Exercise input -

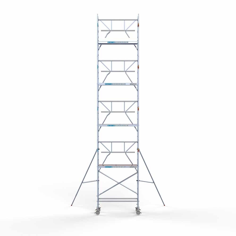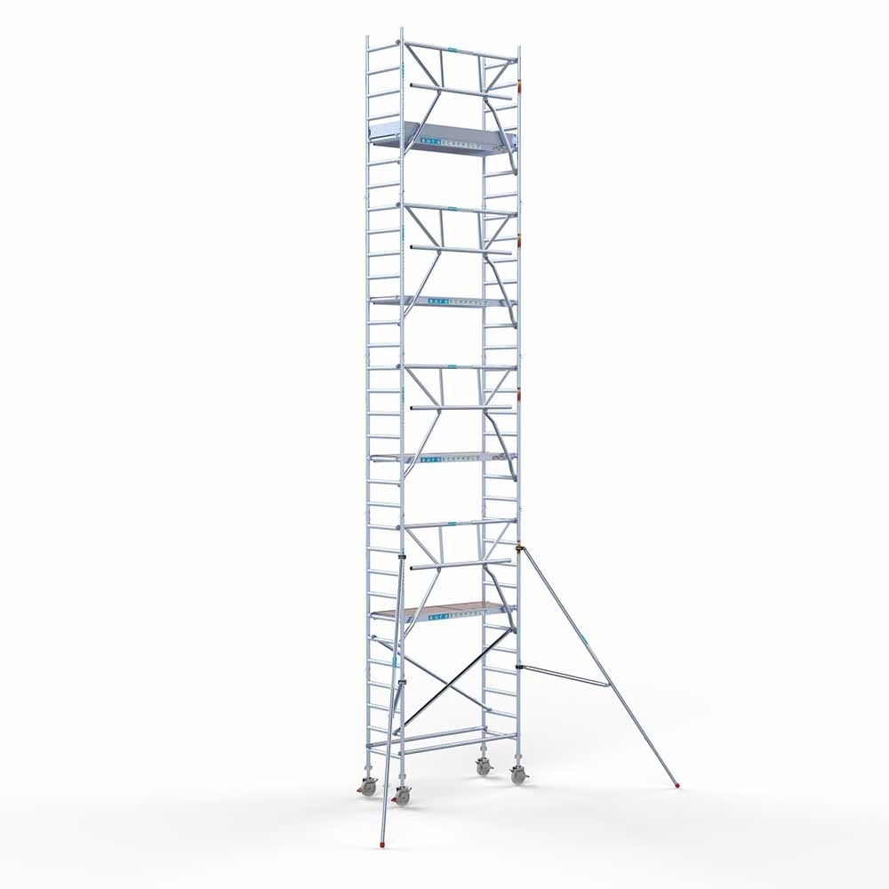 Dieses komplette professionelle Rollgerüst entspricht der neuen Norm 2018, einschließlich Montagesystem mit Frontgeländer. Mit diesem Montagesystem sind Sie während des Auf- und Abbaus vor der Gefahr eines Absturzes geschützt. Dieses Rollgerüst garantiert eine einfache Handhabung, eine sehr lange Lebensdauer, ist direkt ab Lager lieferbar und wird in den Niederlanden und Belgien kostenlos versandt.
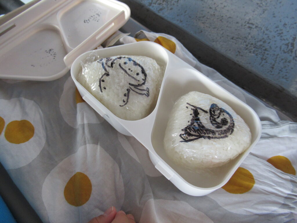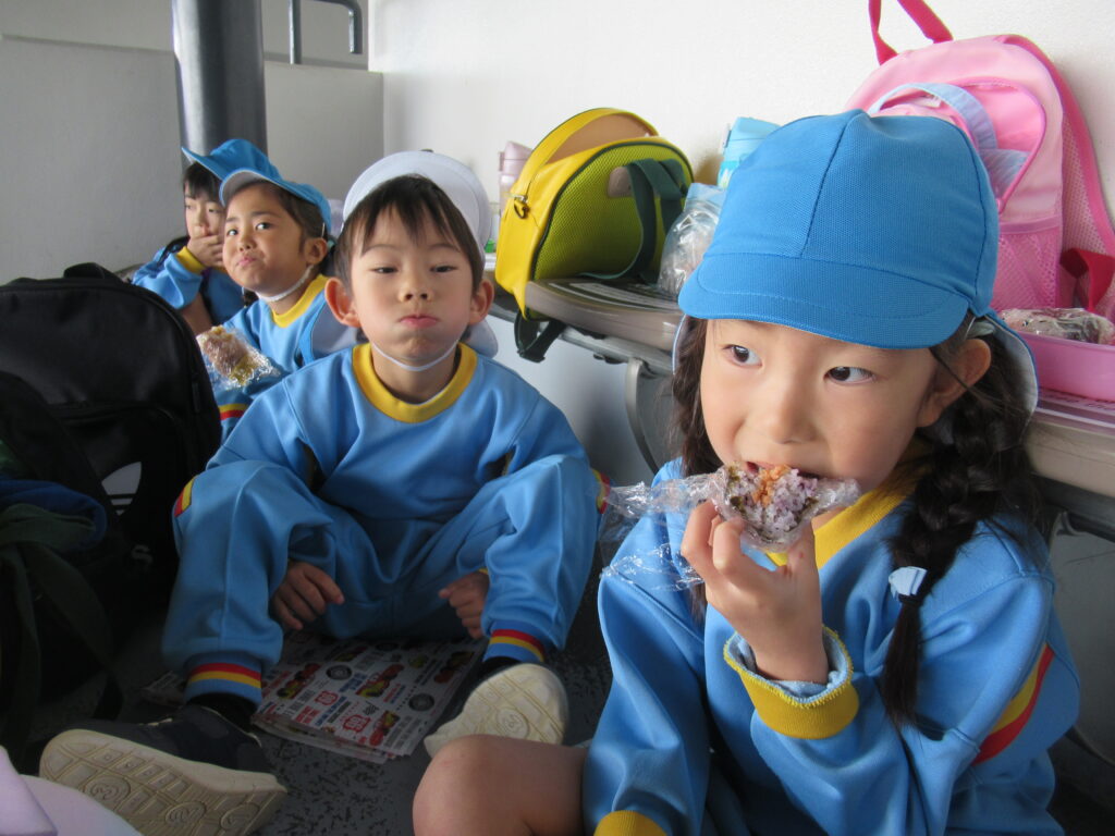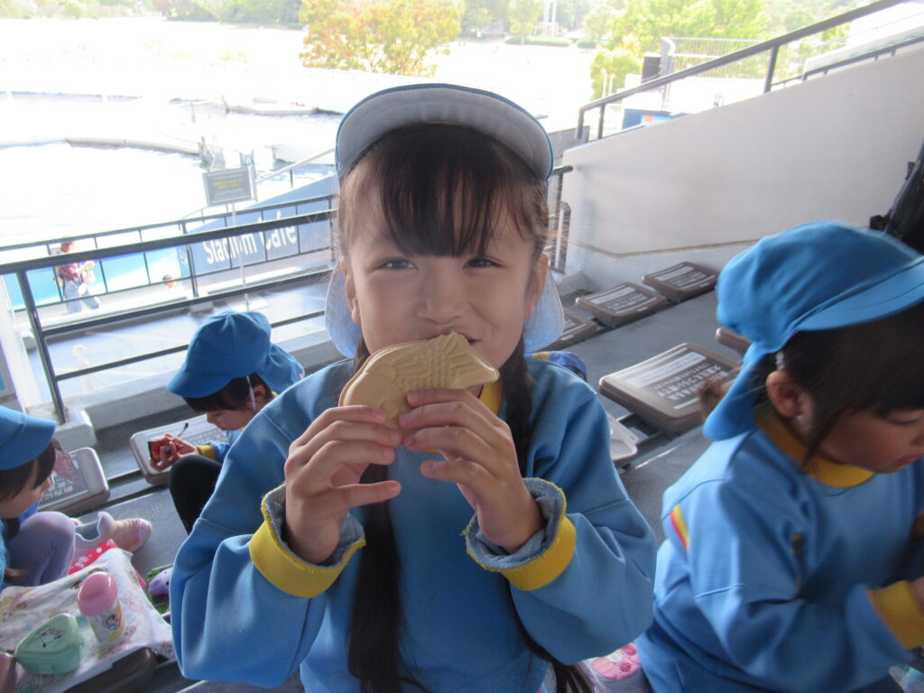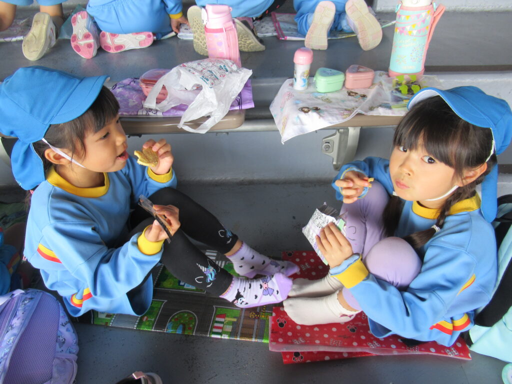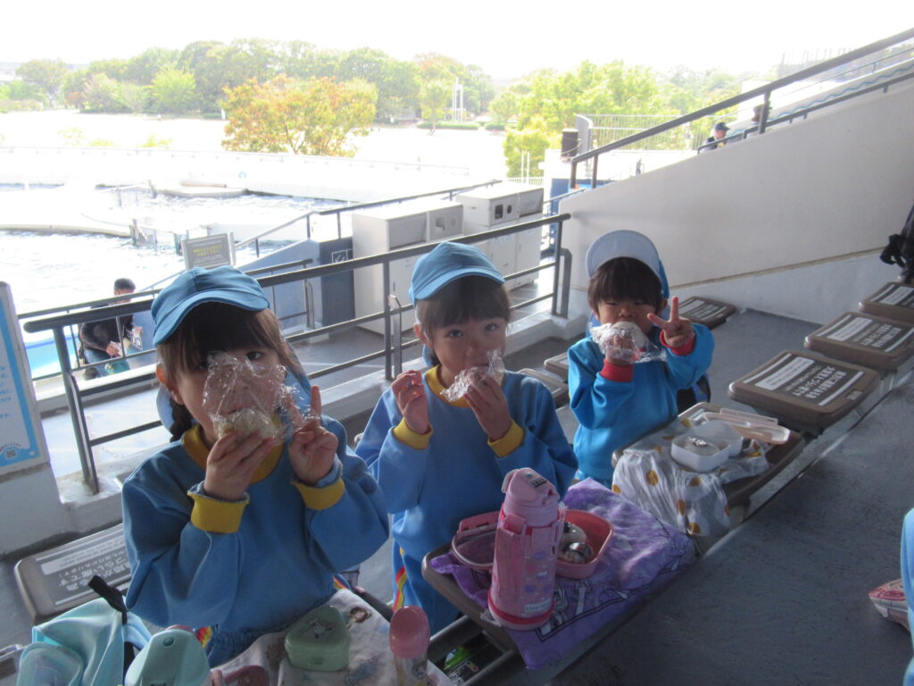 イルカショーを見た後は、昼食・お菓子タイムです🍙🍪 おにぎりの具を見せ合いっこしながら、「おいしい~」といただきました。
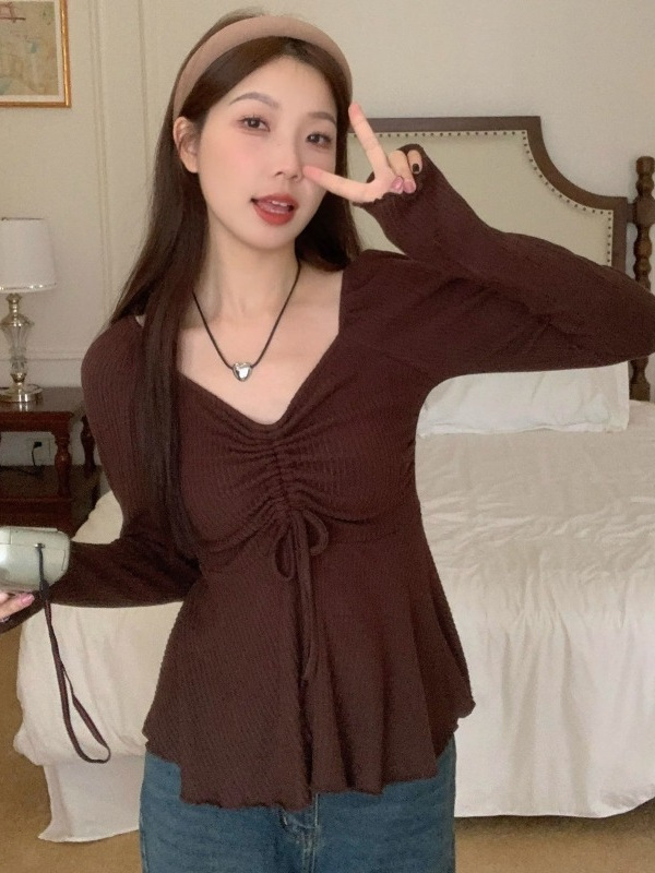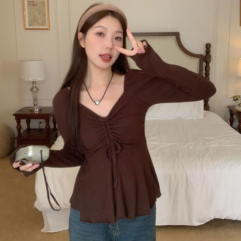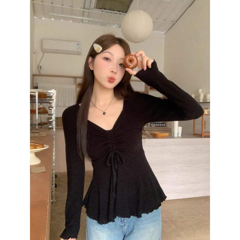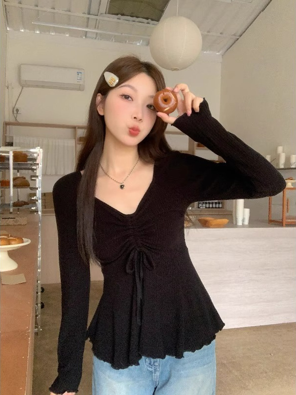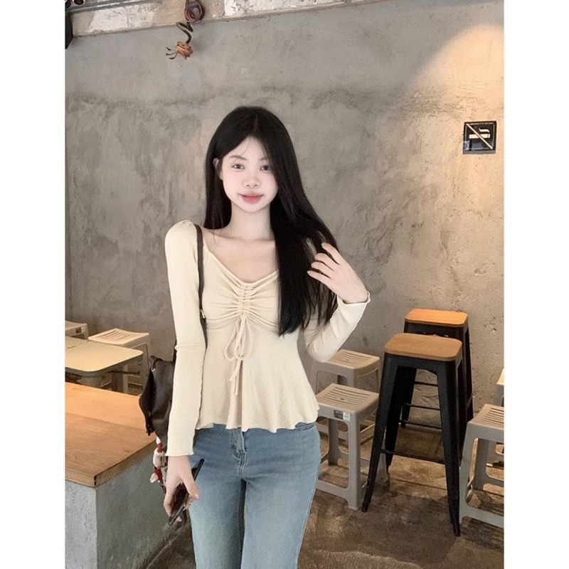 甜辣妹V领打底衫女2025新款春秋纯欲风显瘦别致设计感长袖T恤上衣
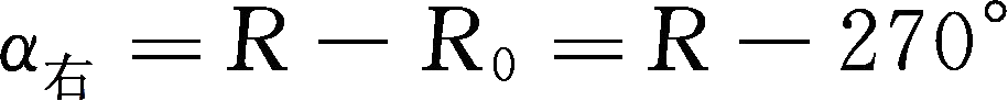 图3-18的下半部分是盘右时的三种情况,视线水平时读数 R 0 =270°,仰角时读数增大,俯角时读数减小。因此,盘右时竖直角应为照准目标时的读数减视线水平时的读数,即
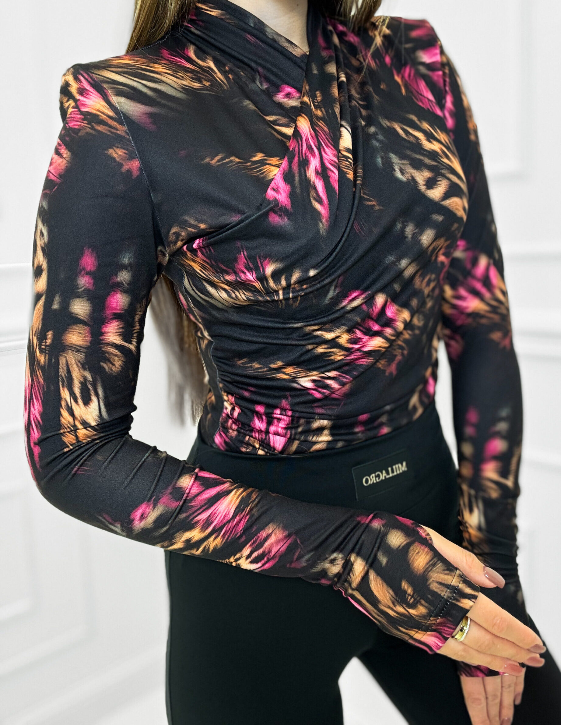 Podkreśl swój wyjątkowy styl z naszą bluzką, która łączy w sobie zmysłowość i nowoczesną elegancję. Wykonana z elastycznego, dopasowującego się do sylwetki materiału, gwarantuje komfort noszenia. Polska produkcja.
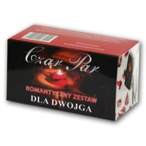 Na romantyczny zestaw dla dwojga składają się:1. Dwie pływające świece w kształcie serca o zapachu róży, bardzo estetycznie opakowane, każda oddzielnie w celofan z kokardką.2. Ozdobne pudełko zapałek z czarnymi zapałkami o czerwonym czubku, które współgrają z romantycznym nastrojem.
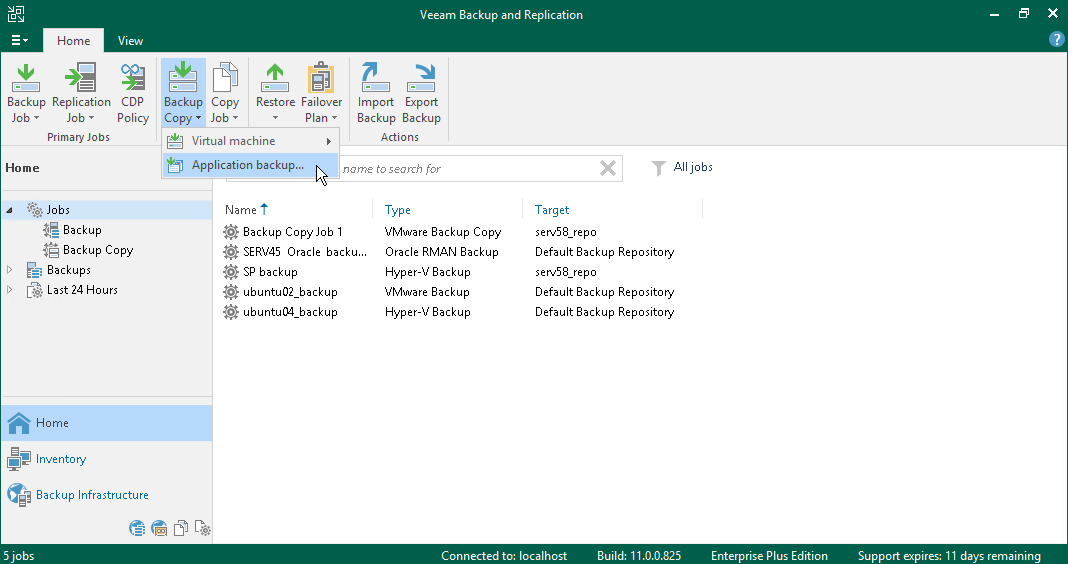 To create copies of Veeam Plug-in backups of Oracle and SAP HANA databases, you must configure a backup copy job. For more details, see the following sections of the Veeam Plug-ins for Enterprise Applications Guide:
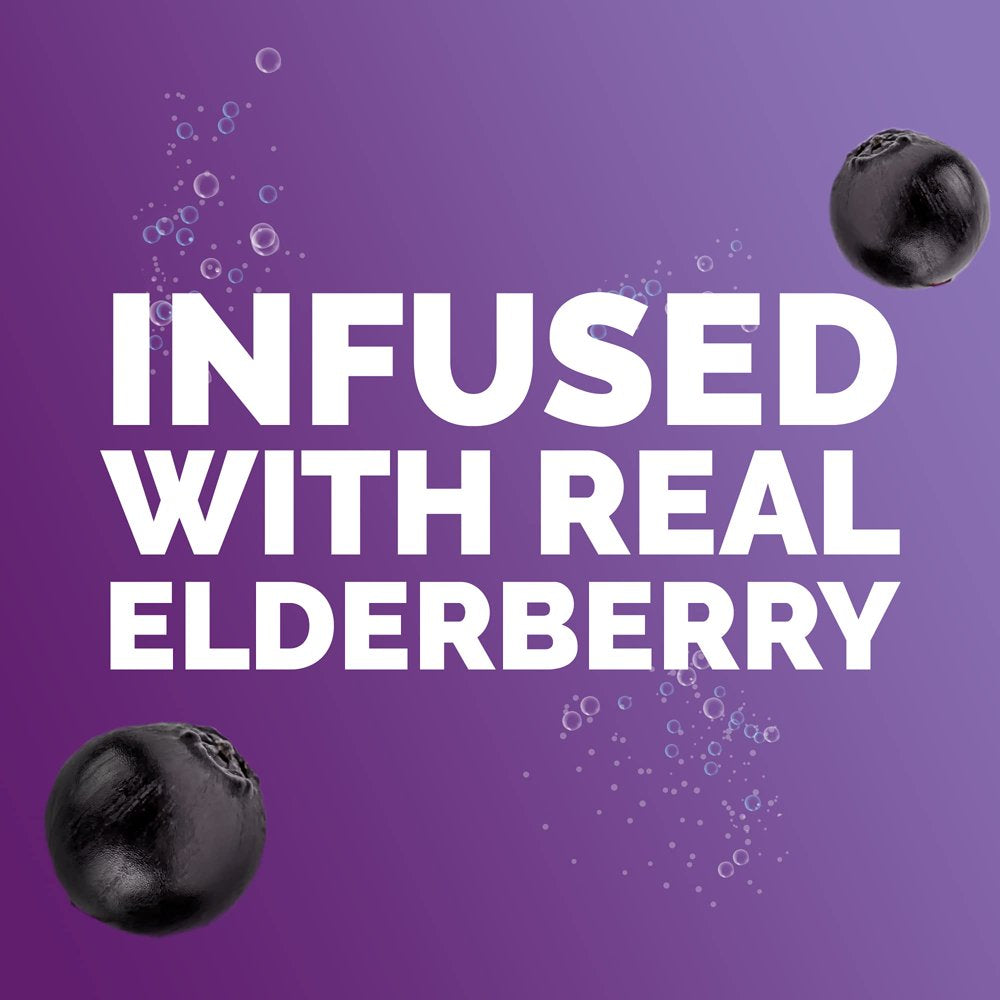 Emergen-C Immune Support Elderberry fizzy drink mix provides daily immune support infused with the natural goodness of botanicals! This great tasting Emergen-C Immune Support drink mix is packed with elderberry, natural fruit juice and flavors, vitamin C, and B vitamins. These drink packets are also vegetarian, gluten-free, and caffeine-free making the perfect addition to your holistic wellness routine and help support your immune system every day. Immune Support elderberry drink mix packets are made with 50 mg of elderberry and are infused with high potency vitamin C to support your immune system. These naturally sweetened drink powders are deliciously nutritional and make the perfect fit to your holistic approach to life. They are made from real elderberry and sunshine. Filled with the natural goodness of real botanicals, this vitamin C drink mix provides the perfect start to maintaining your health, supporting your immune system, and strengthening your body. Experience the power of Emergen-C Immune Support Elderberry fizzy drink mix, in a convenient pack of 18 sachets, perfect to take on the go!

How to complete this task - The required output is every line of the data above, set down exactly and stripped of pictures.

Exercise result -
 Dieses komplette professionelle Rollgerüst entspricht der neuen Norm 2018, einschließlich Montagesystem mit Frontgeländer. Mit diesem Montagesystem sind Sie während des Auf- und Abbaus vor der Gefahr eines Absturzes geschützt. Dieses Rollgerüst garantiert eine einfache Handhabung, eine sehr lange Lebensdauer, ist direkt ab Lager lieferbar und wird in den Niederlanden und Belgien kostenlos versandt.
 イルカショーを見た後は、昼食・お菓子タイムです🍙🍪 おにぎりの具を見せ合いっこしながら、「おいしい~」といただきました。
 甜辣妹V领打底衫女2025新款春秋纯欲风显瘦别致设计感长袖T恤上衣
 图3-18的下半部分是盘右时的三种情况,视线水平时读数 R 0 =270°,仰角时读数增大,俯角时读数减小。因此,盘右时竖直角应为照准目标时的读数减视线水平时的读数,即
 Podkreśl swój wyjątkowy styl z naszą bluzką, która łączy w sobie zmysłowość i nowoczesną elegancję. Wykonana z elastycznego, dopasowującego się do sylwetki materiału, gwarantuje komfort noszenia. Polska produkcja.
 Na romantyczny zestaw dla dwojga składają się:1. Dwie pływające świece w kształcie serca o zapachu róży, bardzo estetycznie opakowane, każda oddzielnie w celofan z kokardką.2. Ozdobne pudełko zapałek z czarnymi zapałkami o czerwonym czubku, które współgrają z romantycznym nastrojem.
 To create copies of Veeam Plug-in backups of Oracle and SAP HANA databases, you must configure a backup copy job. For more details, see the following sections of the Veeam Plug-ins for Enterprise Applications Guide:
 Emergen-C Immune Support Elderberry fizzy drink mix provides daily immune support infused with the natural goodness of botanicals! This great tasting Emergen-C Immune Support drink mix is packed with elderberry, natural fruit juice and flavors, vitamin C, and B vitamins. These drink packets are also vegetarian, gluten-free, and caffeine-free making the perfect addition to your holistic wellness routine and help support your immune system every day. Immune Support elderberry drink mix packets are made with 50 mg of elderberry and are infused with high potency vitamin C to support your immune system. These naturally sweetened drink powders are deliciously nutritional and make the perfect fit to your holistic approach to life. They are made from real elderberry and sunshine. Filled with the natural goodness of real botanicals, this vitamin C drink mix provides the perfect start to maintaining your health, supporting your immune system, and strengthening your body. Experience the power of Emergen-C Immune Support Elderberry fizzy drink mix, in a convenient pack of 18 sachets, perfect to take on the go!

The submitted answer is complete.